Investors in the stricken Arch cru range face a further six to eight weeks wait to find out the value of the funds' assets.
Authorised corporate director Capita, along with PricewaterhouseCoopers, have confirmed the existence of underlying assets in the suspended range.
This will offer some relief to about 20,000 investors in the stable of funds, which have been suspended since March.
But Capita adds it is still in the process of determining the value of these assets and investors would have to wait six to eights before the completion of the review into the suspension of dealings in the funds' shares.
It blames the delay on the Guernsey-incorporated holding companies, which should have published their annual audited financial results at the end of September, but have pushed back their publication by four to eight weeks.

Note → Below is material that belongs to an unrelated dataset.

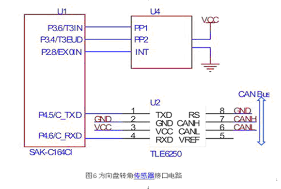 C164CI與方向盤轉(zhuǎn)角傳感器的接口電路如圖6所示。片內(nèi)內(nèi)置增量編碼的正交解碼器,該解碼器使用定時(shí)器3的兩個(gè)引腳(T3IN、T3EUD)作為正交脈沖的輸入,在正確設(shè)置相關(guān)寄存器后,定時(shí)器3的數(shù)據(jù)寄存器的值與方向盤轉(zhuǎn)角成正比,故可方便的計(jì)算轉(zhuǎn)角,本文所使用的方向盤轉(zhuǎn)角傳感器每一圈對(duì)應(yīng)44個(gè)脈沖,設(shè)定時(shí)器3的數(shù)據(jù)寄存器為T3,則絕對(duì)轉(zhuǎn)角為。
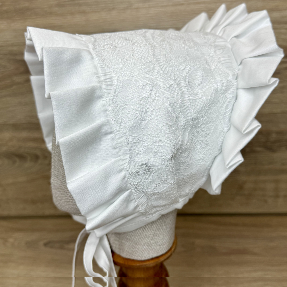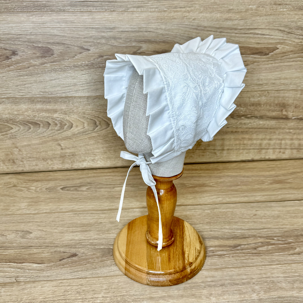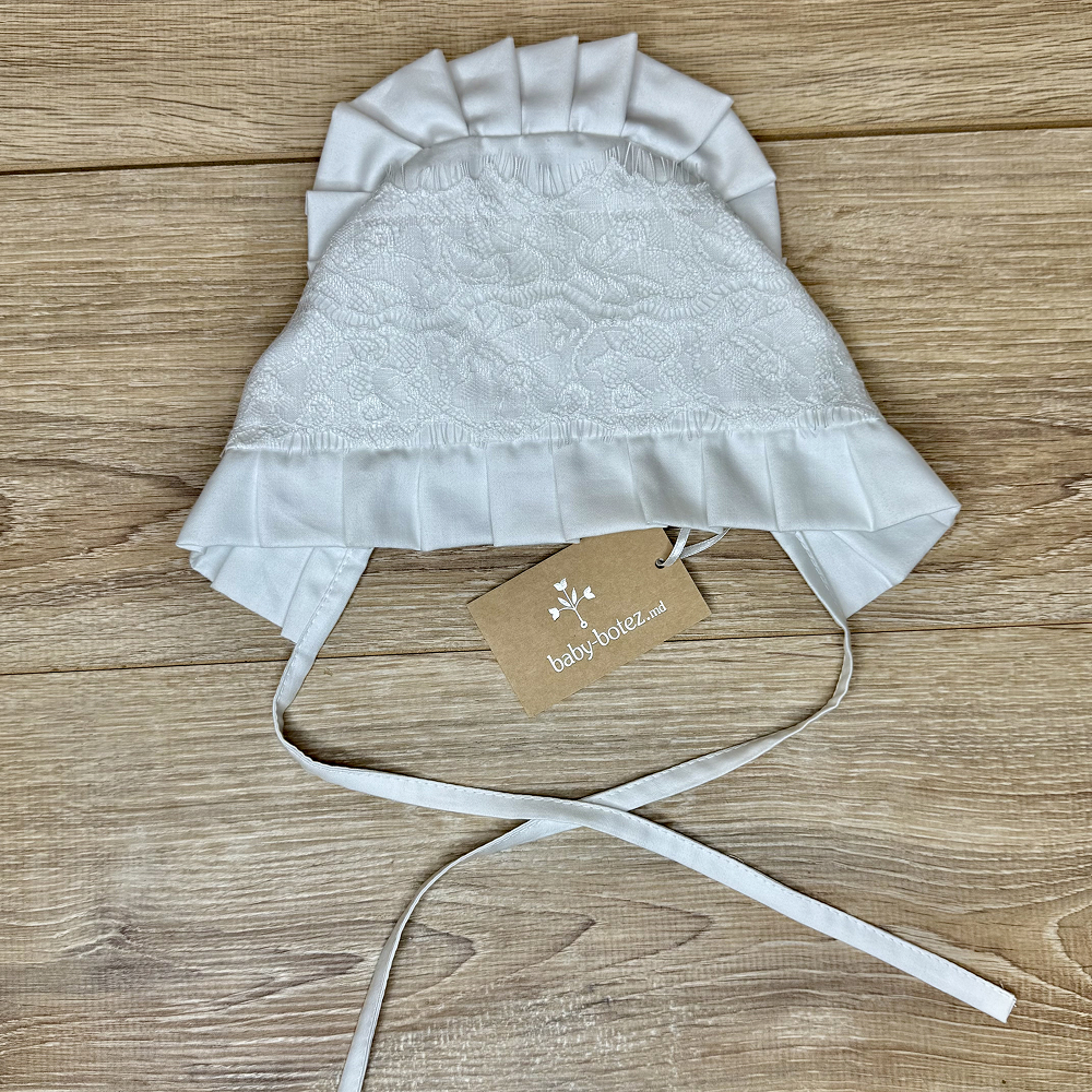 Descriere căciuliță decorată cu pliuri rigide și dantelă franțuzească

"The finalisation of our valuation of the fund (CF Arch Cru Investment Portfolio, CF Arch Cru Specialist Portfolio, CF Arch Cru Global Growth, CF Arch Cru Balanced, CF Arch Cru Income Fund and CF Arch Cru Finance) is dependent on the availability of this information," Capita reveals in a letter to shareholders.
Capita, which has responsibility for settlements, suspended the Arch cru funds due to a lack of liquidity to deal with redemptions.
The ACD warns investors that shareholders should be prepared for a fall in the value of the underlying assets of the holding companies and therefore the value of the assets of the funds.
In June, cru Investment Management chairman Jon Maguire said he expects the re-evaluation to lead to losses of at least 25% of the total NAV on units.